Tuesday, February 05, 2008

DINNER

It is February 5th. It is 12:31 in the aye-em. I am in Michigan. It is the anniversary of the Constitution.

I heard thunder a few minutes ago. And now the patter of rain soothes my soul. Thunderstorms in February? Oh, sure. It's like we say in Michigan: "You don't like the weather, wait five minutes." LOL! LOLz! HahaHA! ROFLMAO!1!

For dinner tonight, I had a bag of microwave popcorn with parmesean Goldfish Crackers and a bowl of Bear Claw ice cream, complete with whipped cream and Hershey's chocolate syrup.

I must be 12. Okay, maybe 13. For dinner tomorrow, I'll be having Geno's Pizza Rolls. And a Zagnut candy bar.

Post-coital bliss is a good thing. It should be bottled. And sold to dictators, despots and jingoistic American presidents under the brand name of Mell-Ohhh. Maybe it would calm people down, make them shinier happier people. Hell, it's a thought.

My sleep schedule got all ducked (mucked, clucked, pucked, shucked, fucked) up this weekend. I was on-call at work and I got called out at 11:00 on Saturday night. We got out to the job and, after heading back to the shop to bring back another backhoe (the frost-line was a motherfucker) we dug down to the curb box and found it to be blowing through. So...that was a bit of a job. We ended up getting done with that job at around nine the next morning. I went home after that, tired as a one-legged dog in an ass-sniffing contest, and I lay my head on the pillow and promptly fell asleep. Fell asleep for an hour and a half, that is, until work called again. The second job went for about five or six hours. So, all in all, though on-call can be a pain in the pooper, sometimes, it is tough to sneeze at 15 hours of double-time and three meal tickets.

But now my body and brain think that it is Wednesday...or Thursday. They are sadly mistaken.

I have to mention the Superbowl. What. The. Fuck? I mean, seriously: what the fuck?! How does a team that went 18-0 and set all types of scoring records and basically made the competition look like so many Pop Warner teams lose to a team that had to claw and scratch to even make the playoffs?
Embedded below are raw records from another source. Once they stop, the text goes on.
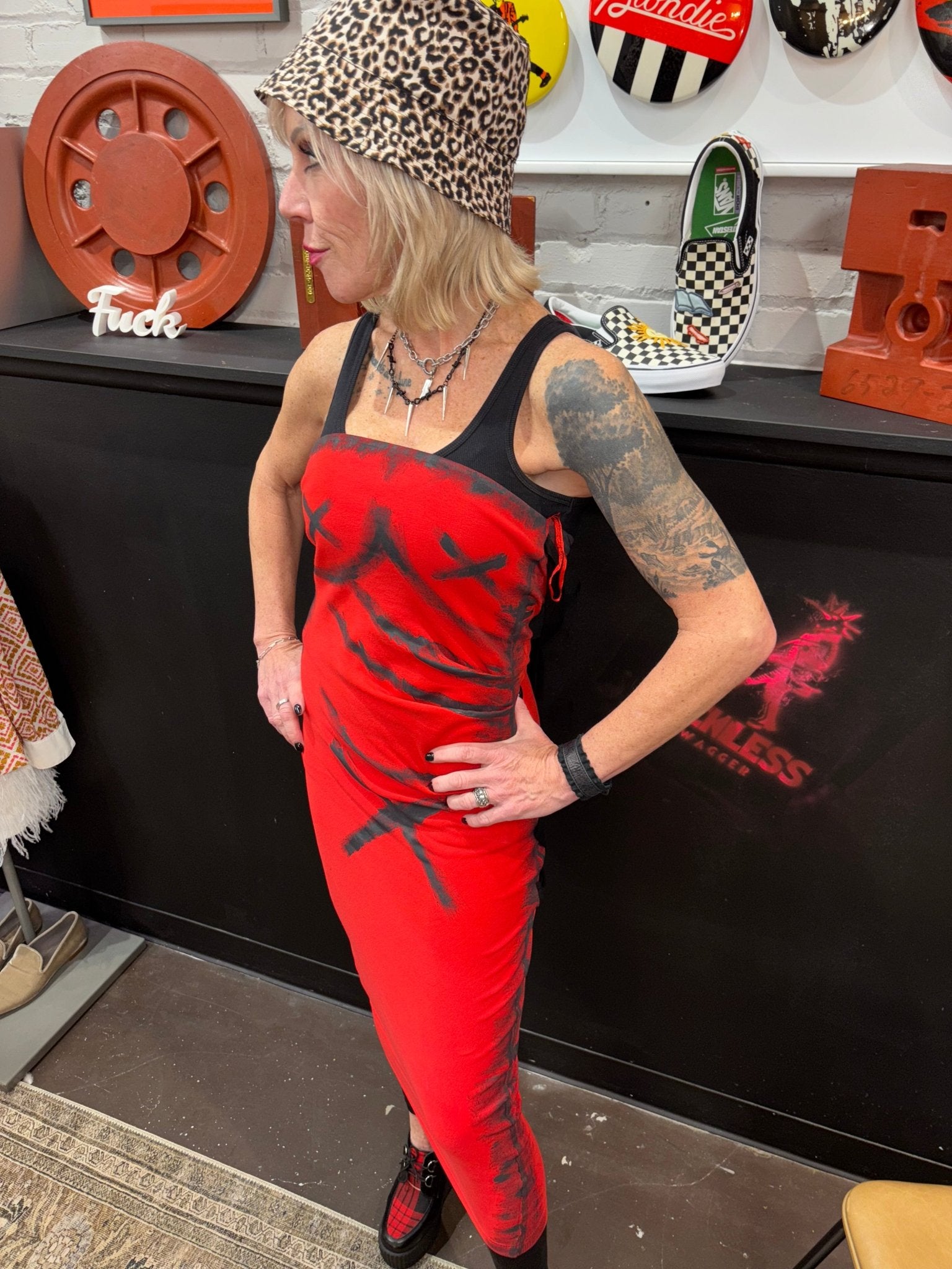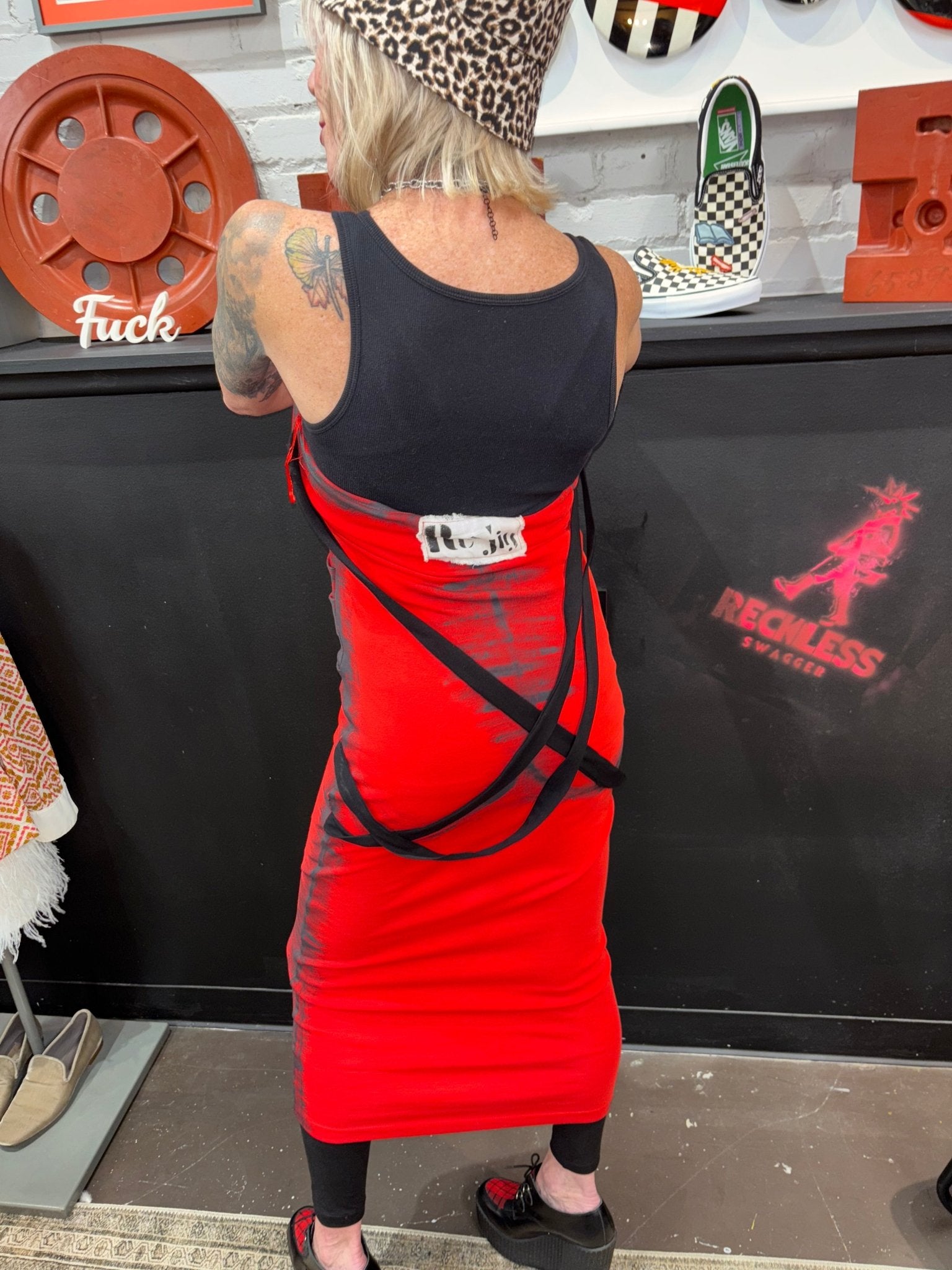 Red X Bondage Tube Dress - Edgy Paint Splatter Design - Reckless Swagger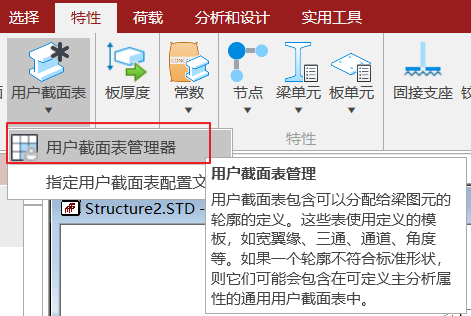 1. 打开特性>梁截面组>用户截面表>用户截面表管理器,点击新建用户截面表,选择要创建截面的截面类型。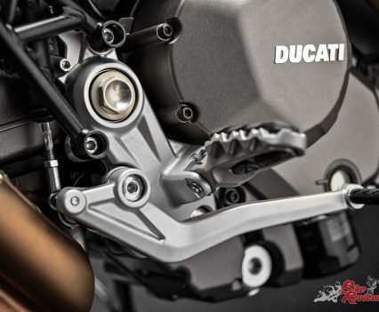 Performance is kept under control by the modern electronics which uses a Bosch six-axis Inertial Measurement Unit (6D IMU) to detect the bike’s roll, yaw and pitch angles instantly. The 950 electronics package includes Bosch Cornering ABS with the Slide by Brake function (with setting 1), Ducati Traction Control EVO (DTC EVO), Ducati Wheelie Control (DWC) EVO and Ducati Quick Shift (DQS) Up and Down EVO (as standard on the 950 SP version and available as an accessory on the 950).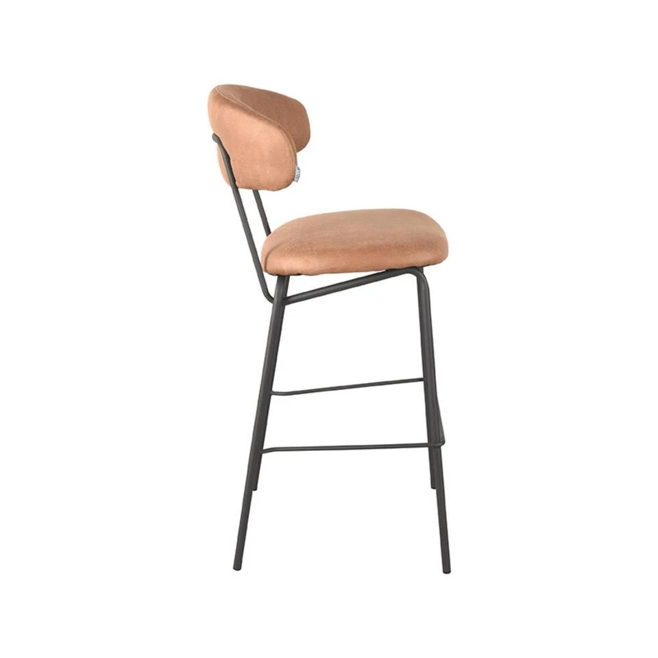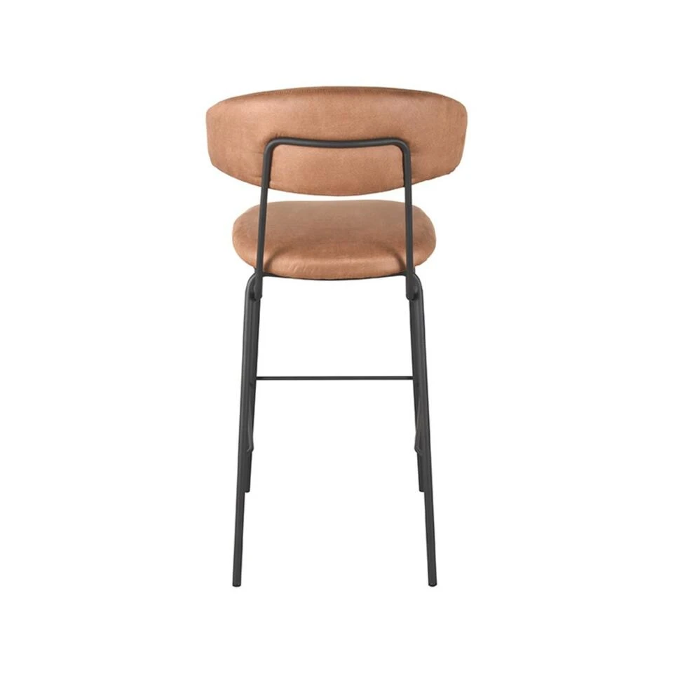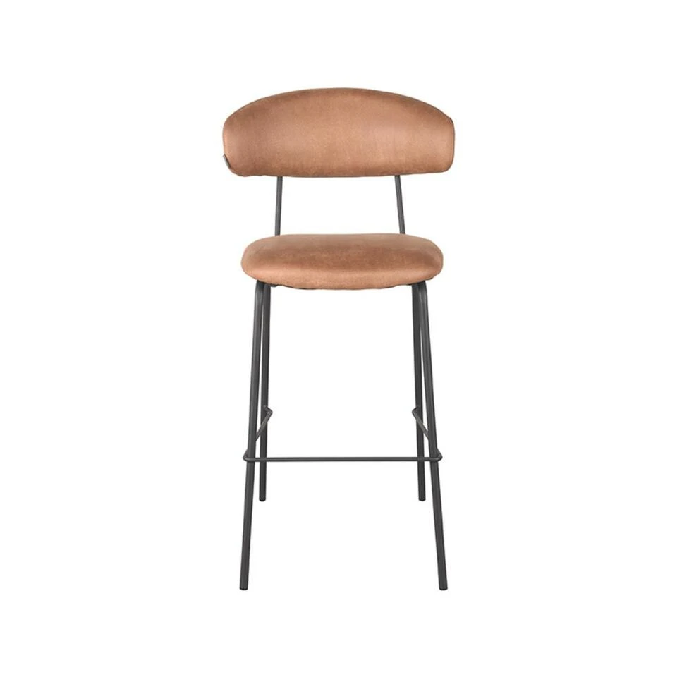 Barkruk Zack is uitgevoerd in cognac micro suède, een bruinkleurige stof met een hele subtiele structuur en duurzaam van aard. Zack bestaat uit een ronde, aparte rugleuning en zitting, die verbonden zijn door een prachtig doorlopend zwart frame, voorzien van een handgreep op de achterkant van de rugleuning. Dit maakt Zack extra functioneel waardoor het aanschuiven van deze eetkamerstoel nog makkelijker wordt. De vier zwarte poten, voorzien van een opstap zorgen voor extra stabiliteit en een luchtige look.

It is simply unfathomable.

As Al Pacino would bark, "On any given Sunday!"

This is the biggest upset ever in the history of the National Football League. Tom Brady, uber-quarterback, finally didn't come through in the clutch. I reckon this just proves that he's human. (Although he does have movie star-good looks and he is insanely rich and he does fuck a supermodel whenever the mood strikes him.) In the Superbowl, however, he looked as mortal as Abe Begoda. And that's saying something.

I still have Christmas lights up in my front room. They are there to stay for a time indeterminate. I like the rosy red glow that they cast. I like how it makes me feel--perhaps--like I'm back in the womb, warm and safe...and bored out of gourd.
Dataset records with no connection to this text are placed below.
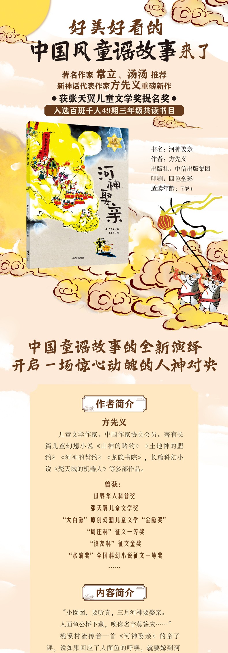 《河神娶亲》是一部让人惊艳的国风儿童文学作品,入选百班千人49期三年级共读书目,获第五届张天翼儿童文学奖。它取材于中国传统民间故事和童子谣,又加入了自己的创造,讲了一个曲折离奇的新版河神娶亲的故事,赋予传统文化新的活力。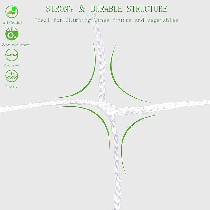 - 1.【QUALITY】Trellis Netting ,White ployester mesh has outstanding durability. Breaking strength supports extremely heavy crop loads.Prevent animals from damaging the plants.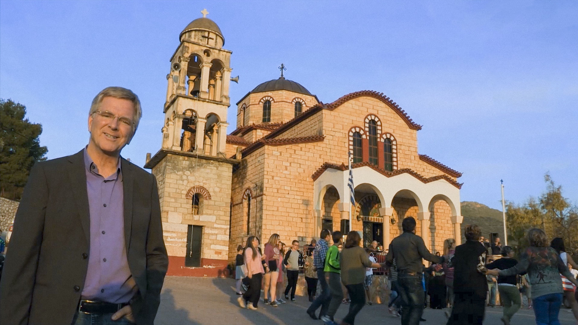 Rick at an Easter celebration in Nafplio, Greece. Download image.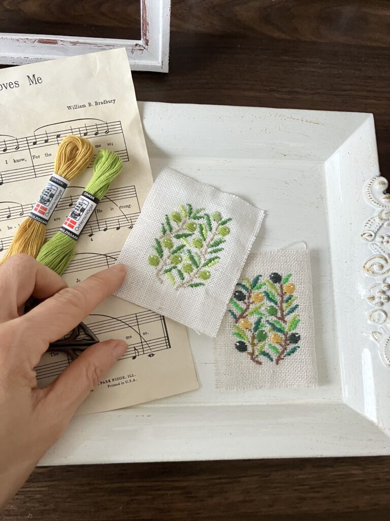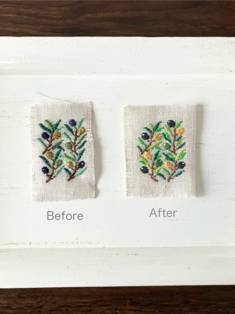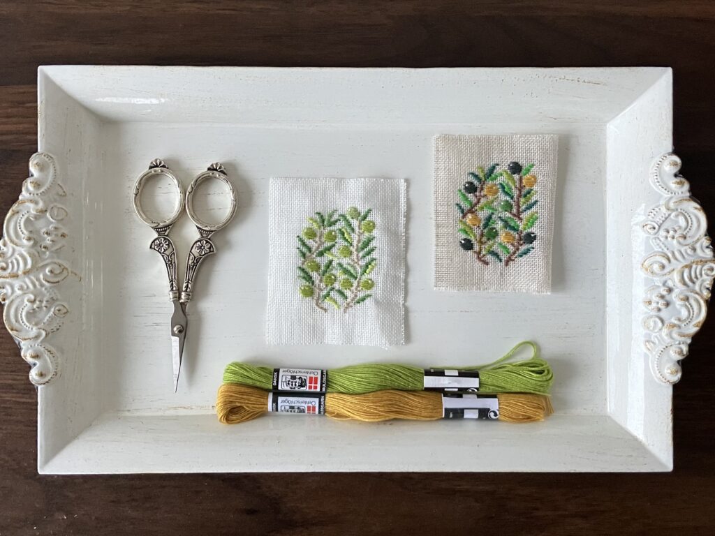 そしてたどり着いた今回の青い実のオリーブ刺繍は、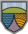 La partie centrale (V inversé violet) comme un chemin, nous rappelle la route des pionniers et celle du chemin de la colonisation. Nous retrouvons cette route entre les plans d’eau et les champs. C’est également le chemin de fer et l’aéroport de Wheeler Air Lines qui ont contribué à l’économie de la région.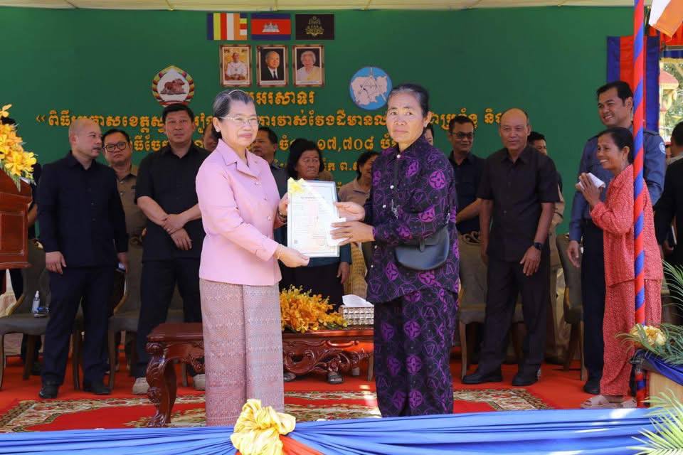 AKP ស្វាយរៀង ថ្ងៃទី២៤ ខែកុម្ភៈ ឆ្នាំ២០២៥-- សម្តេចកិត្តិសង្គហបណ្ឌិត ម៉ែន សំអន ឧត្តមប្រឹក្សាផ្ទាល់ព្រះមហាក្សត្រ បានអញ្ជើញជាអធិបតីក្នុងពិធីប្រកាសខេត្តស្វាយរៀងជាខេត្ដ បញ្ចប់ការវាស់វែងដីធ្លីជាលក្ខណៈប្រព័ន្ធ និងពិធីចែកបណ្ណកម្មសិទ្ធដីធ្លីចំនួន១៧.៧០៨បណ្ណ ជូនប្រជាពលរដ្ឋ នៅវត្តបុសមនលើ ស្ថិតក្នុងឃុំបុសមន ស្រុករំដួល ខេត្តស្វាយរៀង នាព្រឹកថ្ងៃចន្ទ ទី២៤ ខែកុម្ភៈ ឆ្នាំ២០២៥។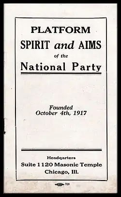 - Platform, Spirit and Aims of the National Party: Founded October 4th, 1917. Chicago: The National Party, 1917; pp. 11–12.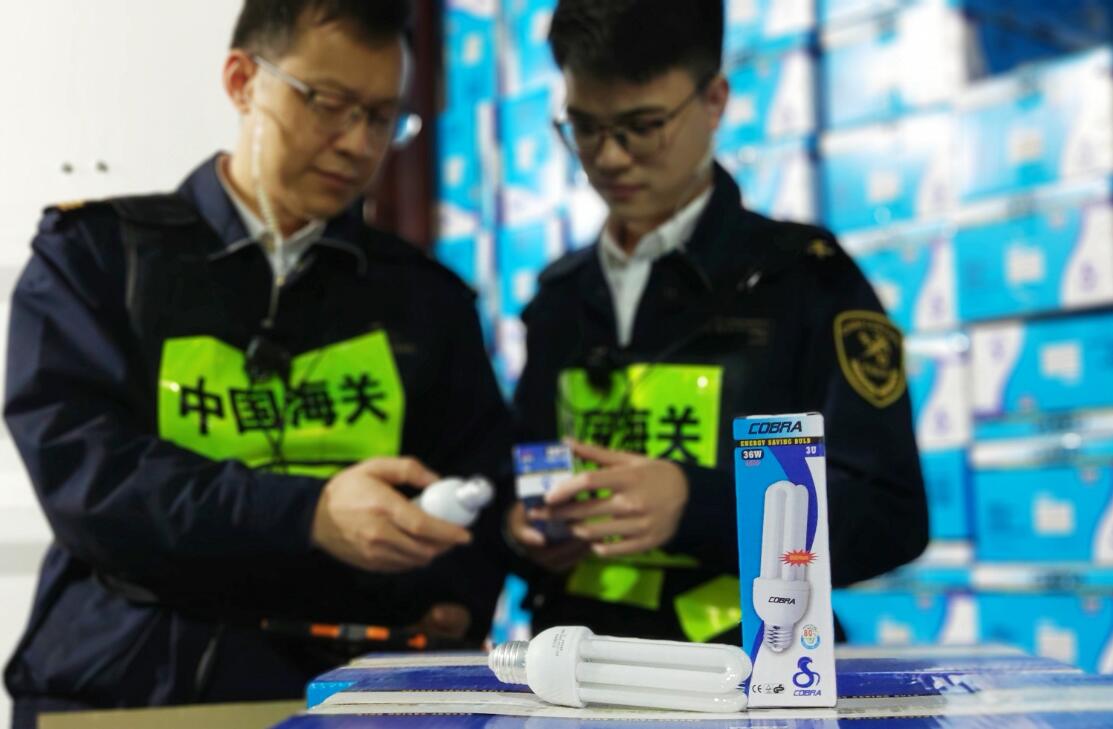 拱北海關查獲涉嫌侵權節能燈11萬隻 (郁濤 攝)

That's all for now. Have a happy Tuesday.
Post-script: That picture is of me at my friend Pablo's 40th birthday party. His finacee held it at a bowling alley. I bowled like shit, as did everyone else. That cake is a torso of a buxom woman dressed in a pale blue negligee. Two of the candles were placed strategically in the frosting where the nipples would have been. Mmm...frosty nipples....

24 comments:

Anonymous said...

For dinner I had spaghetti.
And a hamburger.
Then pop tarts.
And some left over pizza.

And yet, now all I can think about is wanting some damn goldfish crackers.

Adamity73 said...

They're so good, I even crumbled some up and put them in an onion and cheese omlette that I made a couple of days ago.

=o)

Adamity73 said...

BTW, healthy eating, huh? ;-)

Nanette said...

Had you really been 12, you would have skipped the microwave popcorn--too much prep work. :)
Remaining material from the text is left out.